Some more testcase nits.
================
Comment at: llvm/unittests/Support/SuffixTreeTest.cpp:26-28
+ for (auto It = ST.begin(); It != ST.end(); It++) {
+ SubStrings.push_back(*It);
+ }
----------------
remove braces
================
Comment at: llvm/unittests/Support/SuffixTreeTest.cpp:29
+ }
+ ASSERT_EQ(SubStrings.size(), (unsigned)1);
+ EXPECT_EQ(SubStrings[0].Length, (unsigned)2);
----------------
static_cast?
================
Comment at: llvm/unittests/Support/SuffixTreeTest.cpp:40
+// at indices 0 and 4 as well as the substrings {2, 3} at indices 2 and 5.

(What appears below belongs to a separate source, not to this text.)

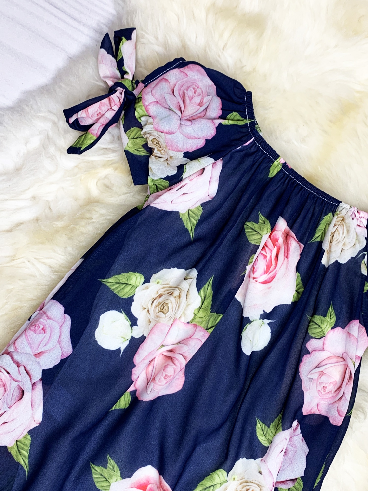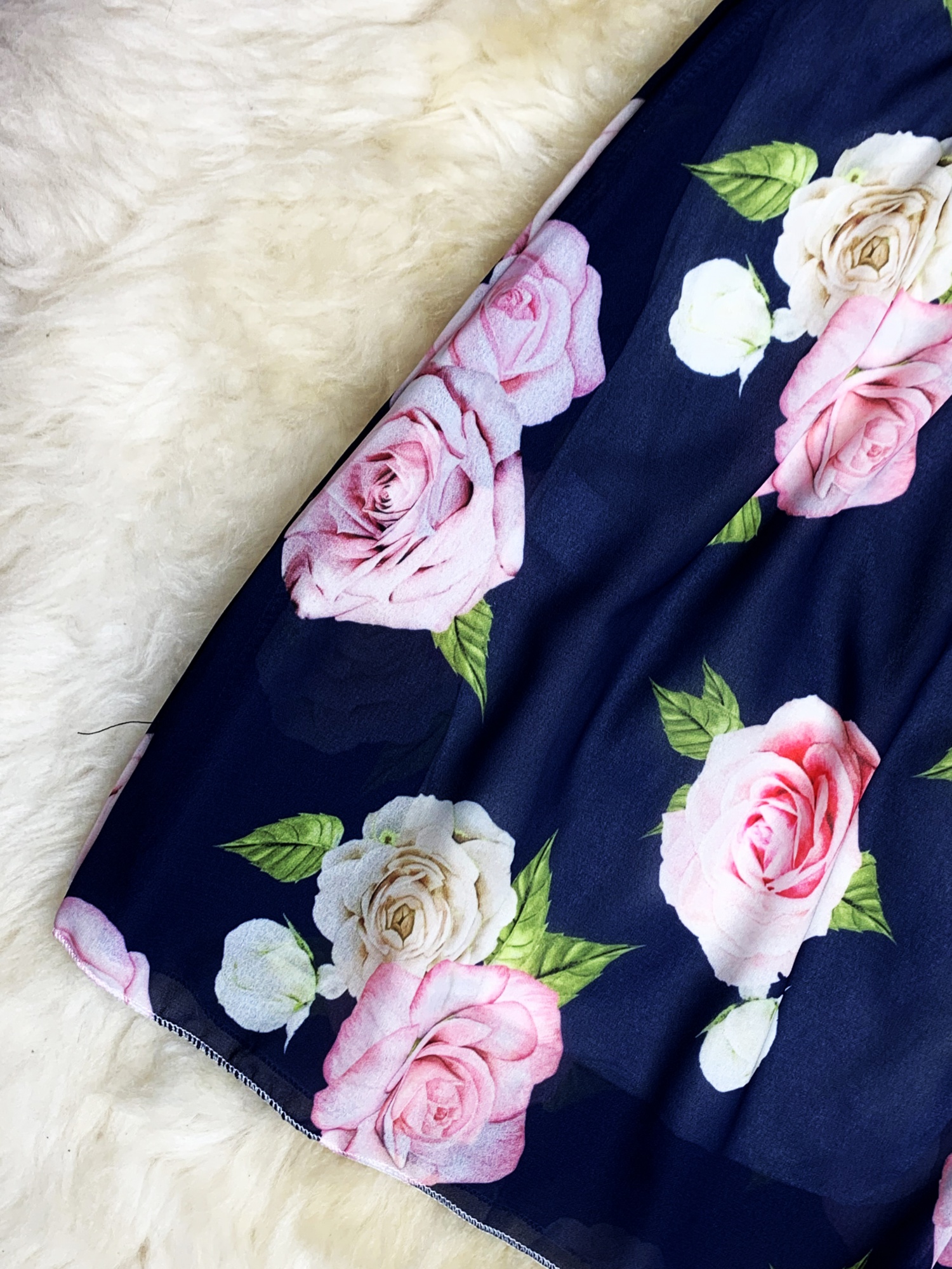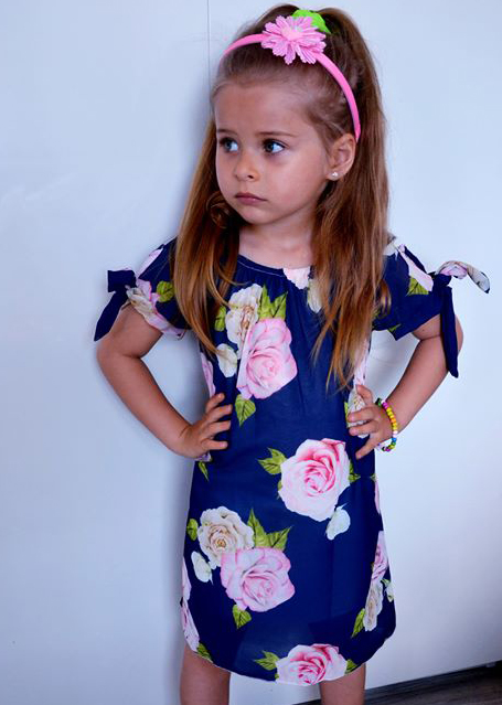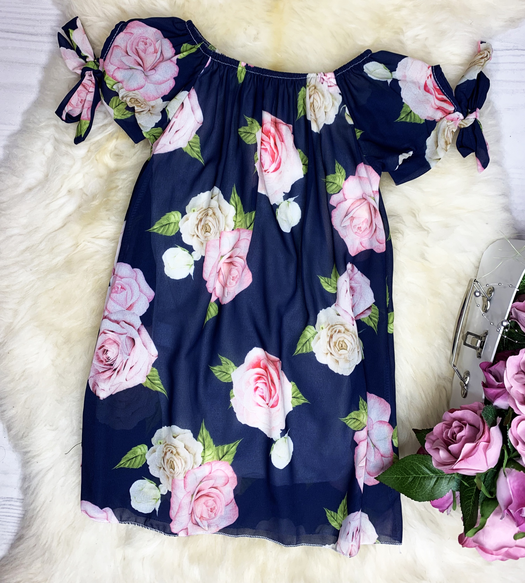 • model w kolorze granatowym z różami

+// This test also serves as a flag for improvements to the suffix tree. Right
+// now, the longest repeated substring from a specific index is returned, this
----------------
Put this as a FIXME, so people can find it when they grep for FIXMEs?
================
Comment at: llvm/unittests/Support/SuffixTreeTest.cpp:65
+ static_cast<unsigned>(3));
+ }
+ }
----------------
What happens if it's not 3 or 2? Should probably fail the test.
================
Comment at: llvm/unittests/Support/SuffixTreeTest.cpp:26-28
+ for (auto It = ST.begin(); It != ST.end(); It++) {
+ SubStrings.push_back(*It);
+ }
----------------
Style nit: remove braces around for?
================
Comment at: llvm/unittests/Support/SuffixTreeTest.cpp:29-31
+ ASSERT_EQ(SubStrings.size(), (unsigned)1);
+ EXPECT_EQ(SubStrings[0].Length, (unsigned)2);
+ EXPECT_EQ(SubStrings[0].StartIndices.size(), (unsigned)2);
----------------
Replace C-style casts with `static_cast`s? (If anything, it's just easier to search for `static_cast` than a C-style cast)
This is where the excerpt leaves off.